[Opening Data excerpt section]

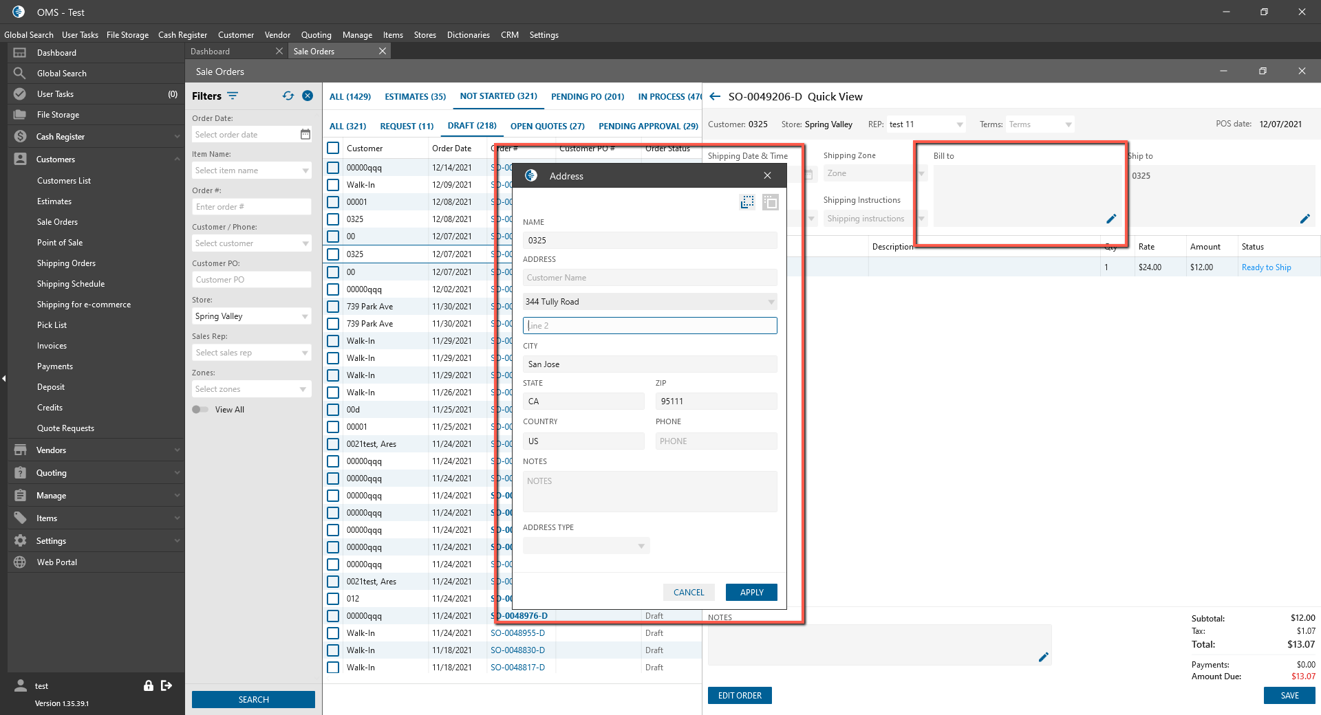 - after clicking on the Icon Address pop-up the same as on the Sale Order edit form is opened;
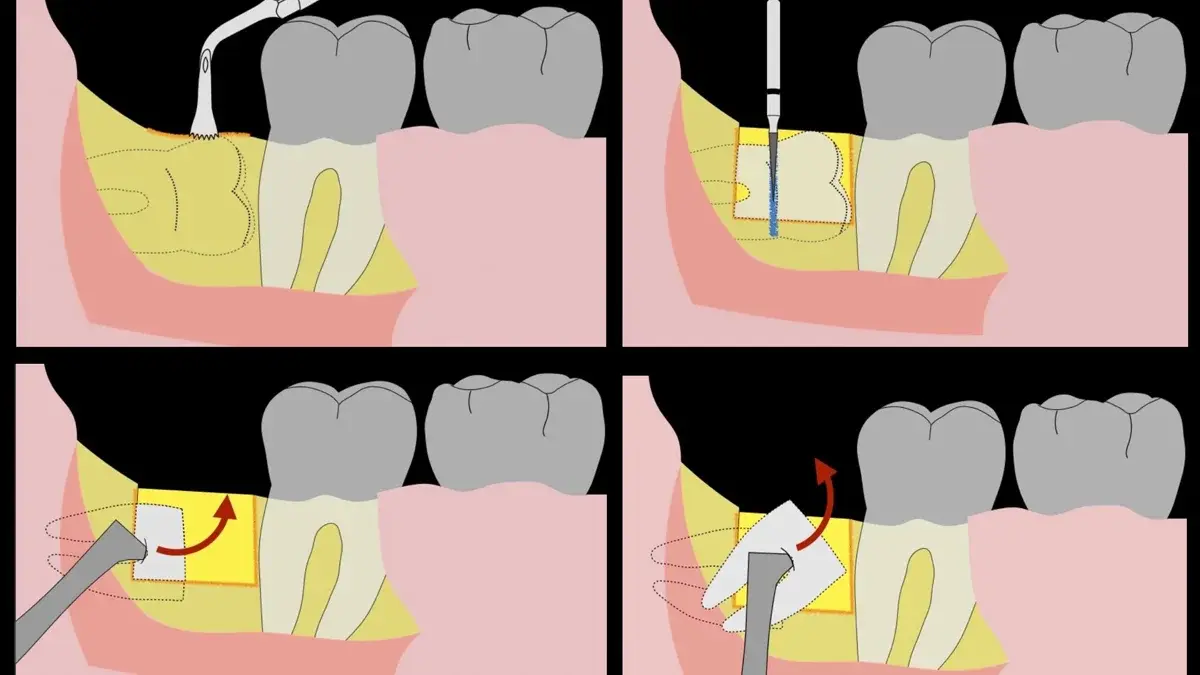 El procedimiento puede variar en su complejidad dependiendo de su ubicación, profundidad, angulación, y la densidad ósea circundante.2 Uno de los pasos más críticos y cruciales en la extracción es la osteotomía previa y concomitante al acceso quirúrgico del diente, para lo cual se utilizan diversos instrumentos como cinceles y martillos, instrumental rotatorio o de corte por ultrasonido.3
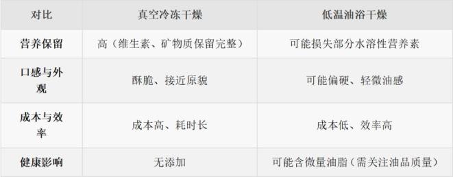 真空低温冷冻干燥的食材一般看起来比较蓬松,轻轻一捏就会碎成粉末,放入水中可以快速恢复原貌。油浴干燥的蔬菜通常表面略有光泽,摸起来略硬。如果浸泡在水中,就更明显了,油花通常会在水面上出现。

[Closing Data excerpt section]

What is required - Write out the whole listing above exactly; do not include the pictures.

Exercise solution -
 - after clicking on the Icon Address pop-up the same as on the Sale Order edit form is opened;
 El procedimiento puede variar en su complejidad dependiendo de su ubicación, profundidad, angulación, y la densidad ósea circundante.2 Uno de los pasos más críticos y cruciales en la extracción es la osteotomía previa y concomitante al acceso quirúrgico del diente, para lo cual se utilizan diversos instrumentos como cinceles y martillos, instrumental rotatorio o de corte por ultrasonido.3
 真空低温冷冻干燥的食材一般看起来比较蓬松,轻轻一捏就会碎成粉末,放入水中可以快速恢复原貌。油浴干燥的蔬菜通常表面略有光泽,摸起来略硬。如果浸泡在水中,就更明显了,油花通常会在水面上出现。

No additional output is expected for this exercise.